[Problem requirements]: From the line containing "カヤトーストと飲み物のセット" through the last line of the listing, output each line exactly as it stands. Omit pictures.
※ ※ ※
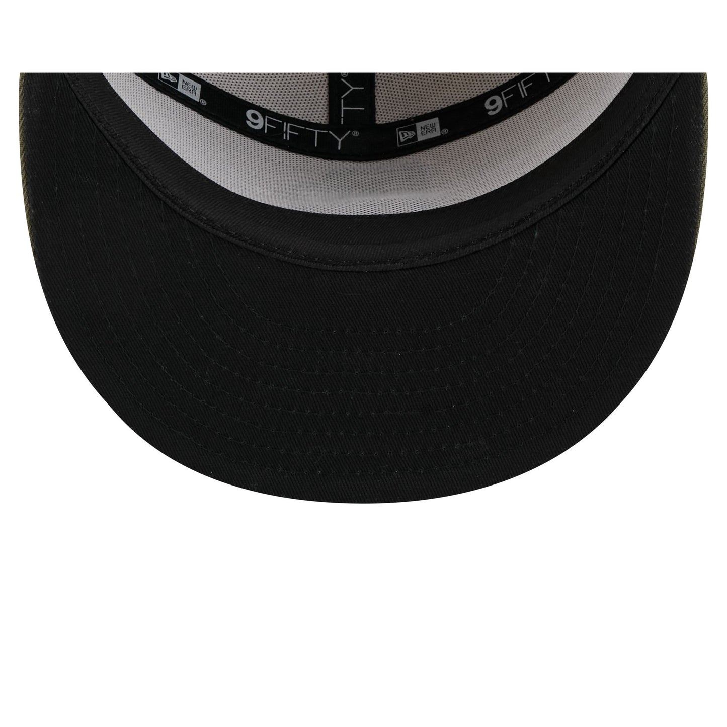 The San Diego Padres Armed Forces Day 2025 9FIFTY Split Panel Snapback features an embroidered Padres logo at the front panels against a split crown construction with the American Flag embroidered at the right-wear side. Additional details include an MLB Batterman logo above a snapback closure at the rear and a black undervisor.
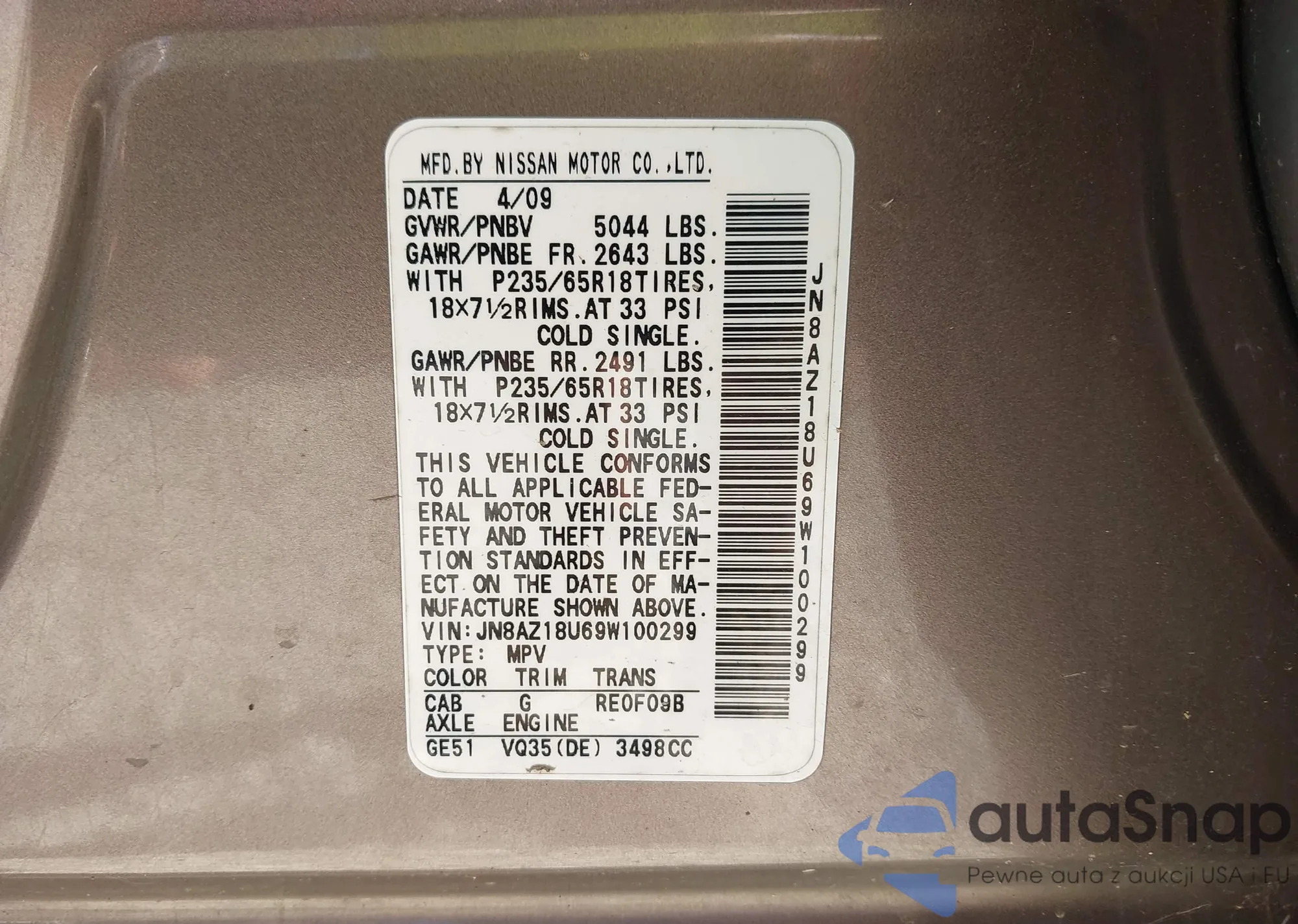 The car Nissan Murano 2009 (VIN JN8AZ18U69W100299) is sold by an unverified seller. We recommend checking the Carfax report and confirming registration possibilities before purchase.
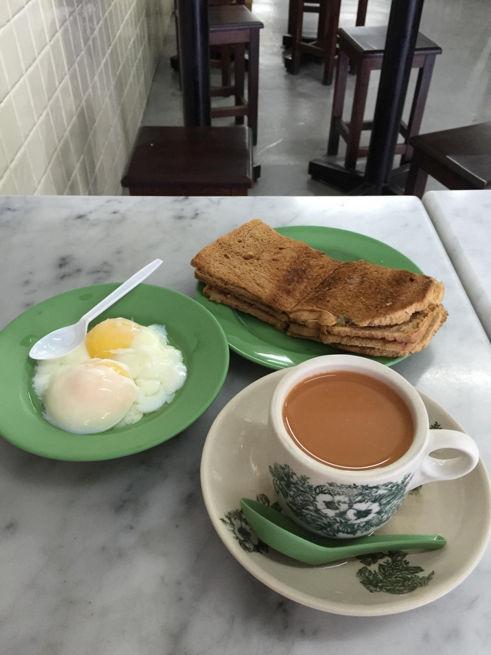 カヤトーストと飲み物のセットで4.8ドルでした。お店のおじさんが、食べ方を教えてくれました!
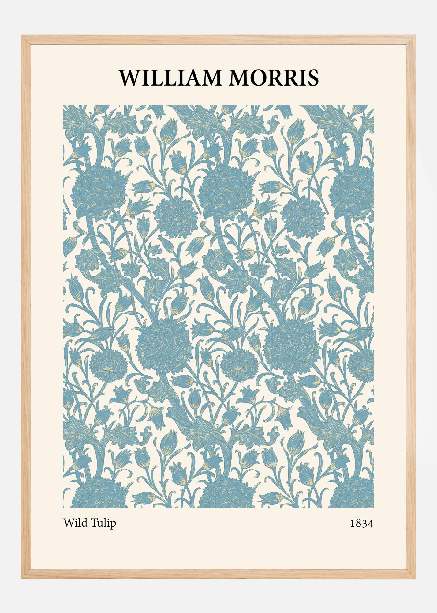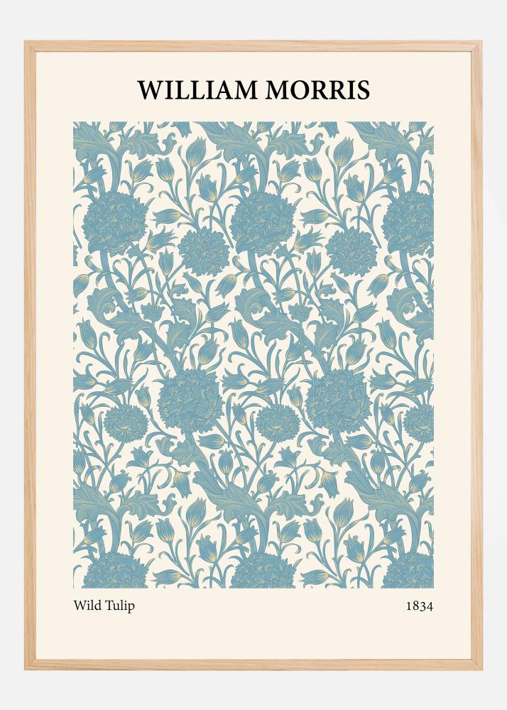 Denna William Morris-affisch, betitlad "Wild Tulip", är en levande representation av den brittiska Arts and Crafts-rörelsens kärlek till naturens detaljer och komplexitet. Det är en skönhet att skåda, med ett mönster av vilda tulpaner i ett spektrum av blå nyanser, från mjuka himmelsblå till intensiva midnattsblå, alla snyggt placerade mot en krämfärgad bakgrund som framhäver mönstrets finess.
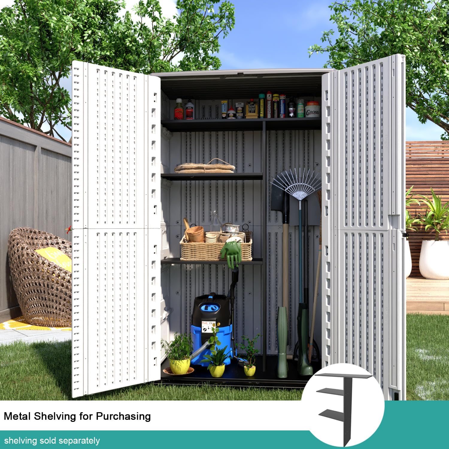 - [TO ENHANCE ITS USABILITY] — We provide additional 2 kinds of kinying shelves to enhance its usability, single laminate shelf and shelving kit, shelves need to be purchased separately. Plastic shed fits up to 4 single laminate shelves or a shelving kit.
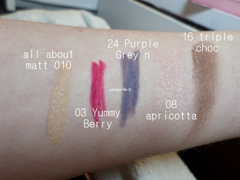 Ihr seht, super pigmentiert ist auch hier nicht viel :( Triple Choc sieht ebenfalls recht fleckig aus.. das fiel aber nur auf dem Bild so aus :)
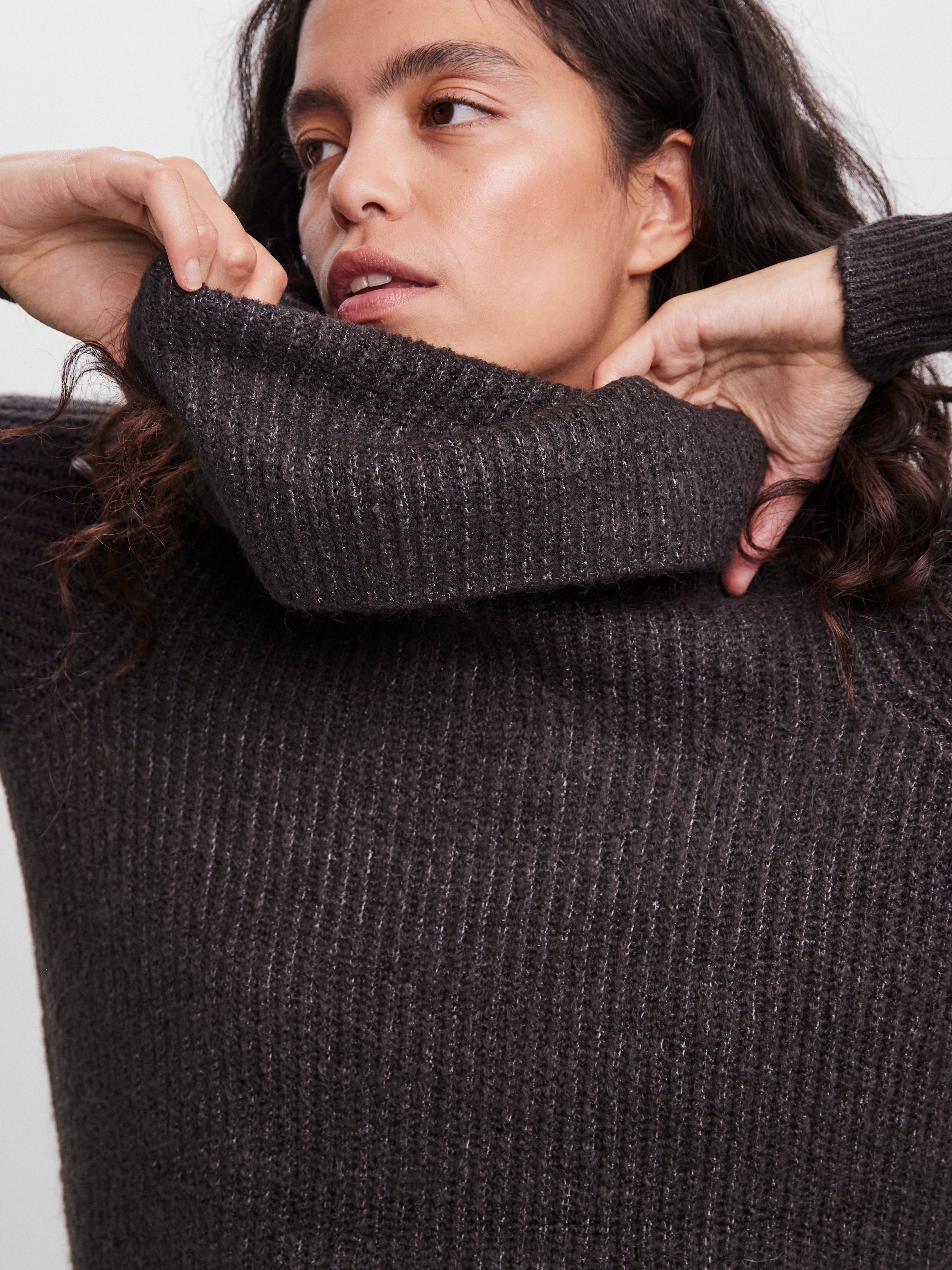 Knitted pullover with a rib structure and a polo neck. Style this knitted pullover with a suede skirt, a pair of tights, and some heeled boots for a stylish and comfy look.
※ ※ ※
[Answer to this exercise]:
 カヤトーストと飲み物のセットで4.8ドルでした。お店のおじさんが、食べ方を教えてくれました!
 Denna William Morris-affisch, betitlad "Wild Tulip", är en levande representation av den brittiska Arts and Crafts-rörelsens kärlek till naturens detaljer och komplexitet. Det är en skönhet att skåda, med ett mönster av vilda tulpaner i ett spektrum av blå nyanser, från mjuka himmelsblå till intensiva midnattsblå, alla snyggt placerade mot en krämfärgad bakgrund som framhäver mönstrets finess.
 - [TO ENHANCE ITS USABILITY] — We provide additional 2 kinds of kinying shelves to enhance its usability, single laminate shelf and shelving kit, shelves need to be purchased separately. Plastic shed fits up to 4 single laminate shelves or a shelving kit.
 Ihr seht, super pigmentiert ist auch hier nicht viel :( Triple Choc sieht ebenfalls recht fleckig aus.. das fiel aber nur auf dem Bild so aus :)
 Knitted pullover with a rib structure and a polo neck. Style this knitted pullover with a suede skirt, a pair of tights, and some heeled boots for a stylish and comfy look.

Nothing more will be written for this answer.